My brothers and I were given the surname Simpson because dad was known as Albert Simpson. But he was born Albert Brown Littlefair; his marriage certificate records him as “Albert Simpson otherwise Littlefair”, but he did not officially become Simpson until 1967 when we were all in our twenties.
An unmarried Margaret Littlefair, aged 19, had given birth to dad in the November of 1915. She registered the birth some three month later giving her address as 44, Anchor Yard, New Elvet, Durham and her occupation as a Domestic Servant. 44 was a large communal dwelling where the King’s Gate Bridge now is; the 1901 census shows it as housing some 47 people in 10 families.
When Dad was just four month old and on the 26yh of February 1916 Margaret married John George Gill. Dad’s half sister Elsie, in later years, told me she believed George Gill was dad’s father but we don’t know if that was so.
An R. Brown had resided at 44 Anchor Yard in 1914, the year World War 1 started and he might have been there in 1915. Some two and a half million men volunteered between the August of 1914 and the December of 1915 in response to the Kitchener “Your country needs you” poster campaigns before conscription started in 1916. Was R. Brown one of those volunteers, perhaps not even knowing Margaret was pregnant with dad
If the above speculation is correct Margaret’s misfortune continued because not long after her marriage to John George, conscription started and John George was in the Durham Light Infantry and off to war. On 10/12/1917 Margaret had a baby she named Margaret Gill and dad had a sister. Unfortunately she died after seven days and was buried in St Oswald’s grave yard. Her father, John George was buried there just a few months later in a war grave when he succumbed to war injuries at Scotton, near Richmond, N. Yorks, 8/4/1918.
Margaret Gill, now a widow became Margaret Simpson when she married Alfred Simpson (Scotty) in 1920. Dad, would be 5 at the time. The 1921 census shows Alfred and Margaret and Dad living at 16, Derwent Street, Sunderland. Alfred is 23 years 8 months, born Glasgow ; an out of work general labourer previously employed by Rankin Builders of Stockton Road, Sunderland. Margaret is listed as born Durham age 25. Dad is listed as Albert Gill Simpson aged 5yrs 3 month and as Alfred’s stepson.
How long they were at Sunderland I know not but Dad’s half sister Doreen (Reenie) was born in Durham in 1925 followed by Elsie in 1929 and Joan in 1932. and we know the family were at 87 Elvet Bridge from 1935. I know Dad attended St Margaret’s School in Crossgate as he spoke of a teacher called Tommy Barr there who meted out much punishment.

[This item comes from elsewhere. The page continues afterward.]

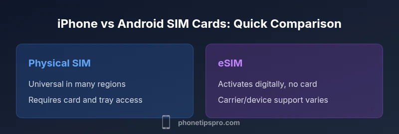 SIM cards store subscriber information and verify your mobile identity on the network. On both iPhone and Android, there are two main flavors: physical SIM cards and eSIMs (embedded SIMs). The latter is becoming more common on newer devices and many carriers now support provisioning without a physical card. The question many users ask is whether the phrase are iphone and android sim cards compatible is true in practice. The short answer is: yes in most situations, you can move a nano-SIM between devices, but you must account for carrier unlock status, network bands, and device compatibility. According to Phone Tips Pro, most nano-SIMs are physically interchangeable across iPhone and Android on GSM networks, but real-world compatibility hinges on carrier support and SIM provisioning. If you’re using an eSIM, you’ll need to ensure the carrier supports eSIM on both devices and that you can activate the profile on each device. In some regions, roaming policies and carrier restrictions can complicate cross-platform SIM usage.

Dad’s mother Margaret died 7th of January 1938 at 87 Elvet Bridge aged a mere 42. She is buried in the St. Oswald’s Stockton Road Graveyard. Dad, we know was living at 87 in 1937 but his marriage certificate of 6th of August 1938 records him as living on the market place side of Elvet Bridge at number 47. I presume that is where mother also resided at or after their marriage, though her address is given on the certificate as Nova Lima, Moor Edge.

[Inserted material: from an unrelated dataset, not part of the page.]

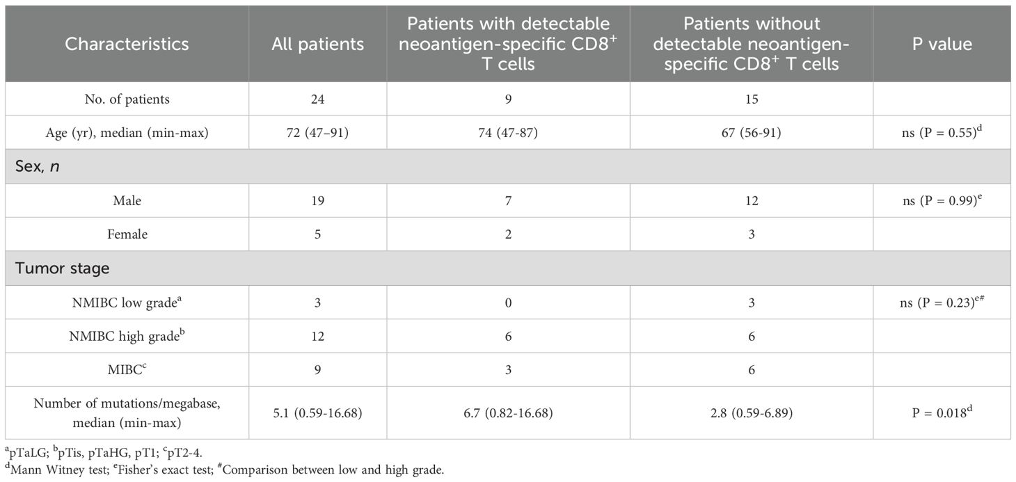 Bladder cancer (BCa) is the 10th most commonly diagnosed cancer worldwide (1). The majority of BCa patients are diagnosed with non-muscle-invasive BCa (NMIBC) and initially undergo transurethral resection of the bladder tumor (TURBT). For high-risk patients (characterized by the presence of carcinoma in situ and/or high-grade Ta/T1 disease), the standard adjuvant treatment consists of repeated intravesical instillations of Bacillus Calmette-Guérin (BCG) once a week for 6 weeks, which reduces both the risk of recurrence (2) and progression to muscle-invasive disease (3). BCa patients can also benefit from immune checkpoint therapy (ICT). PD-L1 blockade is currently the standard maintenance therapy for patients with locally advanced or metastatic bladder cancer who have responded to platinum-based chemotherapy (4). ICT has shown great promise at all stages of the disease, including BCG-unresponsive disease (5), in the neoadjuvant setting (6), and more recently as a first-line treatment for metastatic disease in combination with enfortumab vedotin (7). As in other cancer types, response to ICT is often associated with a high bladder tumor mutation burden, which generates neoepitopes that can be recognized by tumor-specific cytolytic CD8+ T cells (8). One of the key mechanisms of action of ICT is the amplification of pre-existing tumor-specific CD8+ T cells. In BCa, the identification of neoantigen-specific T cells has been poorly investigated, especially in early stages of BCa. Guéguen et al. characterized the first bladder neoantigen-specific CD8+ T cell from the blood of one MIBC patient (9). In addition, Leko et al. analyzed TILs from five patients with non-metastatic bladder cancer and screened them for recognition of predicted neoepitopes. In only one patient, they identified a CD4+ T-cell clone recognizing a peptide encoded by the mutated gene CTBP1Q277R, but no neoepitope-specific CD8+ T cells were detected (10). More recently, spontaneous anti-neoepitope CD8+ T-cell responses have been detected in the blood of 18 out of 24 patients with metastatic BCa (11). However, the prevalence of such responses and their correlation with clinical outcomes in earlier stages of BCa remain unknown.

Dad was 22 when married and described himself as a barman. Mother, is listed as Ruby Gladys Wells, a Gown Store Assistant aged 23. Living at Nova Lima at the time of the marriage would be her mother Jesse Wells, brother Sid Wells and sister Maude Wells.
Whilst my birth is recorded as being at Nova Lima 6/4/39 it was probably there as a matter of convenience because shortly thereafter a 1939 record shows that dad, mam and I were at 87 Elvet Bridge. In addition to Alfred and his three daughters, also at 87 was a Herbie Littlefair (Margaret’s brother), his wife Jennie Harrison and their then 14 year old son Fenwick Littlefair. Fenwick died in a pit accident near Hexham early 1940.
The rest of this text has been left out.